Что бы я ни написала на Хорошевке, тут же читала Петровых. Через недельку она мне прочла новое, в начале семидесятых Марии Сергеевне писалось. И вот слышу от нее новое, адресованное Ахматовой, начиналось оно так:

Ты сама себе держава,

Ты сама себе закон,

Стихотворение мне понравилось, свое я выкинула — не жалко, пишу много, да и стишок мой так себе. И забыла об этом. Вскоре Мария Сергеевна стала требовать с меня стихи о тополях. И как я ее ни убеждала, что о тополе у меня стихов нет, она настаивала, выдвинув губу: «Есть, вспоминайте и принесите, ваше овечество румяннное»! Я перебирала в уме все свои стихи, совершенно не понимая, почему с меня требуется тополь. Наконец вспомнила и пошла к Петровых: «У меня только в двух строках тополь помянут».

— В каких?

— Летит в окошко тополиный пух — Избыток разыгравшегося лета.

— Слава Богу, а то я думала, что присвоила ваши тополя.

И прочла мне чудное стихотворение, где вечерние тополя похожи на монахов. Тут я и смекнула. Она решила из-за заимствования «Ты сама себе», что и это позаимствовала. Однако дата под этим стихотворением в выходящих книгах — 1963 год. Для меня эта дата — явная странность. Но почему странность? По теории парности бывают и совпаденья.

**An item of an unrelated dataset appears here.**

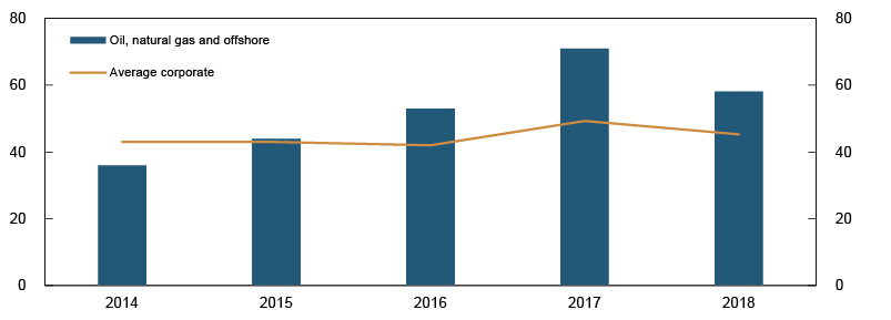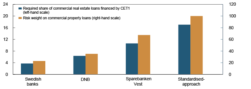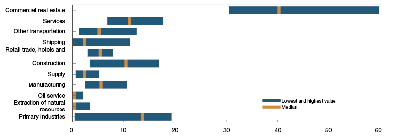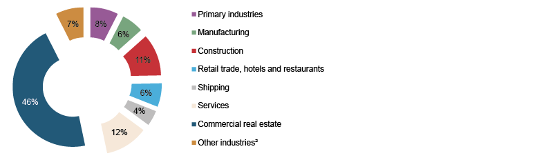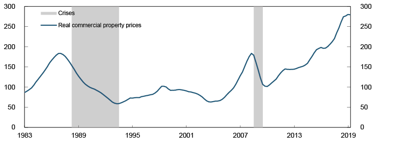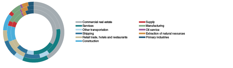 Vulnerabilities associated with high commercial property prices are broadly unchanged since the 2018 Report. In recent years, the rise in prices for commercial property in Oslo has been high, and real estate companies’ debt has risen. This has contributed to higher vulnerabilities for banks. Norwegian banks’ have sizeable exposures to commercial real estate (CRE) (see Section 3 Stress test). Even though in normal times, losses have been historically been low, CRE is the sector that has inflicted the most losses during crises.
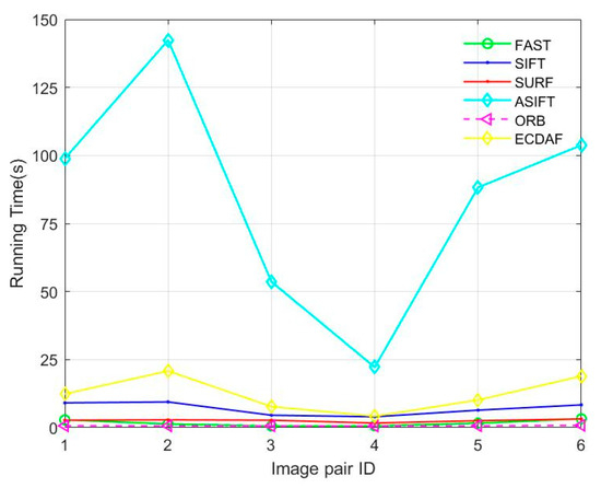 The running time of the FAST, SURF, and ORB algorithms are all relatively short, and for the six scenes, the running time is less than 4 s. The running time of the SIFT algorithm is a little longer than that of the above three algorithms, and for the six scenes, the running time is less than 10 s. The running time of the proposed ECDAF algorithm is ranked second among all the six matching algorithms, and for the six scenes, the running times are 12.37 s, 20.81 s, 7.72 s, 4.19 s, 10.15 s, and 18.92 s, respectively. The texture of the lake scene is the simplest and the proposed algorithm extracts the fewest edges, resulting in the shortest running time of the six scenarios. The ASIFT algorithm has the longest running time for the six scenes, and the running time is significantly longer than the other five matching algorithms. The running time statistics of the matching algorithms are shown in Figure 13.

Так в конце 75-го мы со Светланой Кузнецовой, — о ее тяжелейших детских и юных годах поведал Виктор Астафьев, — направились в цедеэль. Сели за один столик с Володей Соколовым, и он нам прочел свое новое: «Я хочу тебе присниться, Я на днях тебе приснюсь». Мы со Светланой недоуменно переглянулись, — его две первые строки, слово в слово, совпали с моими первыми строчками в написанном накануне. Сибирячка Кузнецова, которую я прописала в своей химкинской квартире, где она и жила, пока не получила кооперативное жилье, сказала Соколову: «Чудеса, однако! Твои и ее стихи, никак, друг другу во сне приснились. „Я хочу тебе присниться Я на днях тебе приснюсь“ Инна написала именно вчера». Потом мы смеялись над всякими совпаденьями, а какими, забыла. Я же свое — с желанием присниться, выбросила, — у Соколова стихи были лучше.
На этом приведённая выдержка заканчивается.